The Cambridge Cookery School team had everything set up and prepared in their bright contemporary kitchen featuring state-of-the-art appliances. All of the ingredients were organised and measured. Other helpful shortcuts included toasting/grinding hazelnuts, hard boiling egg yolks and caramelising apples.
We started by making a flourless chocolate biscuit that would be used later to layer the Hazelnut and White Chocolate Mousse Torte. This included melting dark chocolate in a bain marie, whisking eggs then using the folding technique Javier taught us.
We made the white chocolate and hazelnut mousse, including the pâte à bombe (a hot syrup made with sugar and egg yolks that’s used as a stable base for mousse-like desserts).
I was more than happy to stay on apple-dicing duty during the pâte à bombe preparation. The apples would be used for the Mozart Cake later on.
Once the chocolate biscuit was baked, we later cut out circles to layer them into 12 mini tortes (6 per person).
There was a whole torte made for the class to enjoy, along with Prosecco, later in the day. Seconds? Yes, please!
We also made Mozart cake, a masterpiece layered with cinnamon sable discs, chocolate sabayon mousse and cinnamon scented apples. Javier taught us to make the cinnamon sweet pastry for the sable discs (pâte sablée à la cannelle), which required some skill as the texture is meant to be sandy (hence, the French word sable).

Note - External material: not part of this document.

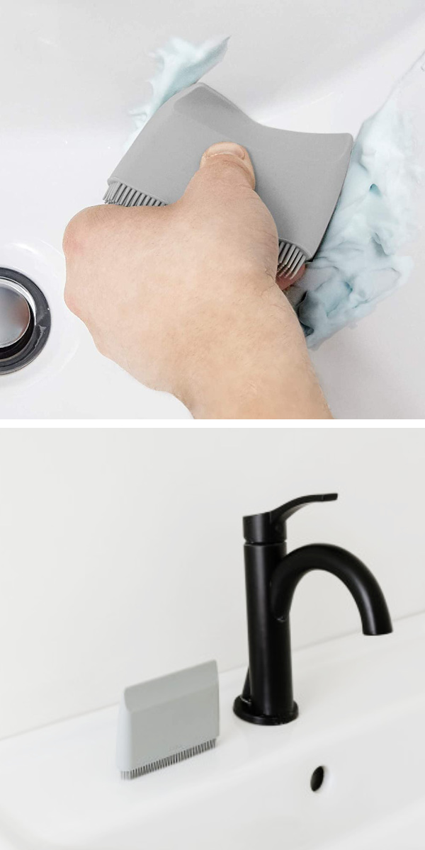 シリコン製で柔軟性があるので使いやすく、浴室やキッチンシンクなどの細かい曲面を簡単に洗浄できます。薄くて軽量なので立てかけておけば収納にも困りません。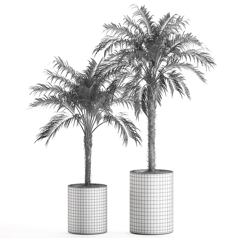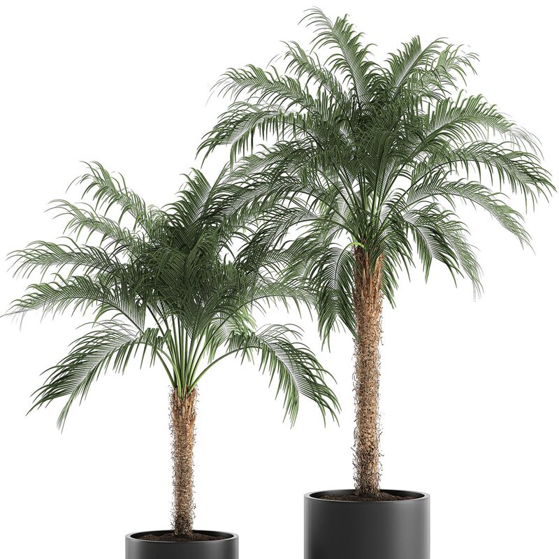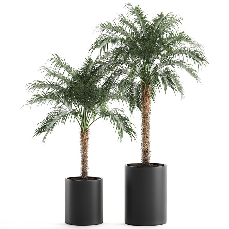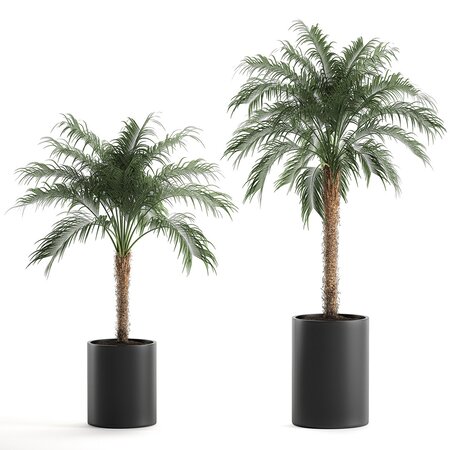 Decorative palm trees for the interior in black pots.

While the pâte sablée baked, we made chocolate sabayon mousse. The cinnamon apples (which I helped peel and dice earlier on) were caramelised for us.
We assembled our own Mozart cakes, layering with sabayon mousse and apples. I, of course, broke the top cinnamon sable disc so whilst I do have a photo of my lovely creation for posterity, here’s a much better photo of Barbara’s Mozart Cake, topped with apple slices and brushed with apricot glaze.
My (cracked) Mozart cake may have looked less than perfect, but it definitely tasted delicious! We were given two big boxes to take home our 6 mini tortes and cake.
I learned so much from the class and it definitely inspired me to keep baking. This was the first of a series of classes led by guest chef Javier Cervantes. Have a look at Cambridge Cookery School’s 2016 masterclasses with Javier Cervantes so you too can have the great opportunity to learn from a Master.
Due to a last minute cancellation, the Cambridge Cookery School were able to invite me to attend the Chocolate Masterclass, as the students worked in pairs. I was by no means obligated to write about it but decided to share the experience in a written review. Although the class was complimentary, all views are my own. I did not receive compensation for my review.